September was the last time Ayla was in the hospital, and it was for just a day to rehydrate and check her blood for signs of a flare.  We were in SoCal for a week and perhaps a virus or some hardcore teething pushed her over the edge, causing her to vomit for days and preventing us all from sleeping any reasonable amount of time.  Blood tests did not indicate a flare so we just got her IV fluids, gave her a medicine that would prevent nausea and vomiting, slowed down her NG feeds, and kept her on Tylenol around the clock until we got her home.  She recovered nicely and has felt pretty well ever since.  Two months of stability has been AMAZING. 



Jonah loves to wear the pump backpack while pushing Ayla in the toy stroller!



Trampoline giggles.  If only AquaNet was strong enough to hold this style!

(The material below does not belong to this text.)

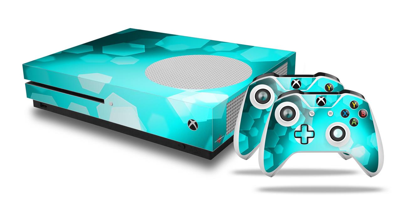 WraptorSkinz Decal Skin Wrap Set works with 2016 and newer XBOX One S Console and 2 Controllers Bokeh Hex Neon Teal

Over the last few months we have been blessed beyond imagination.  One of our most treasured friends, Jen, has been living with us and helping us with...well...everything.  The love that has developed between her and the kids is magical.  She plays with them, takes them on adventures, dresses them, feeds them, cleans up after them, does their laundry, and loves them as they were her own.  To top it off, she does all of that for me and Steve too (except she doesn't dress us because that would be wierd)!  Jen has never failed to make me laugh when it counts or offer me sympathy and understanding when I need it most.  Because of Jen, I have been able to go on several long-awaited dates with my fabulous husband, and I've been able to pursue resources that have turned our lives around.  Jen is moving out in two days, if we haven't kidnapped her before then.  I am excited for her as her new life of travel and mystery unfolds before her, but I am doing a significant amount of grieving as well.  She has been present for, and has a lot to do with, our transition from a state of desperation to a place of peace, acceptance, occasional denial, and the most balance we've had in 19 months.  We've had a rich history together, as she stated so well in her blog: http://heygirlniceblog.com/2012/11/come-and-knock-on-our-door/ , and I so look forward to seeing how our lives will unfold together in the future.

Happy Halloween!  Our little garbage man and Ayla after she deconstructed her fairy costume.

Love and light

Ayla and Auntie Janet...I mean Jenny.

Three's company!  So appropriate on so many levels!

Another life-changing force that has blessed us beyond belief is the Carousel Fund (http://www.carouselfund.org/).  This organization provides financial support for Petaluma families with children who have a life-threatening or catastrophic illness.  Within a week of presenting our case, founders Arnie and Susan Cohen, were at our door with gifts for both of the kids, and a card with a check inside for us.  Steve, Jen, and I were in tears as they presented their gift that would pay off our weighty health insurance deductible.  They also offered to help us with alternative medical care for Ayla and respite care so we could take a much needed breath.  The financial and emotional relief that this organization has provided is beyond measure.  In just the couple of months since they showed up at our door, our lives have changed dramatically for the better.  It's like we're getting the chance to rise up from the muddy pit of exhaustion, dust ourselves off, and buff out the past year's scuffs.

I am starting to understand that "angels" and "saints" are simply those people that walk among us, materializing that which we really need at the times we need it most.  It's no miracle.  It's human nature.  It's a significant lesson in life.  One that we will never take lightly.  And one that will change us to the core.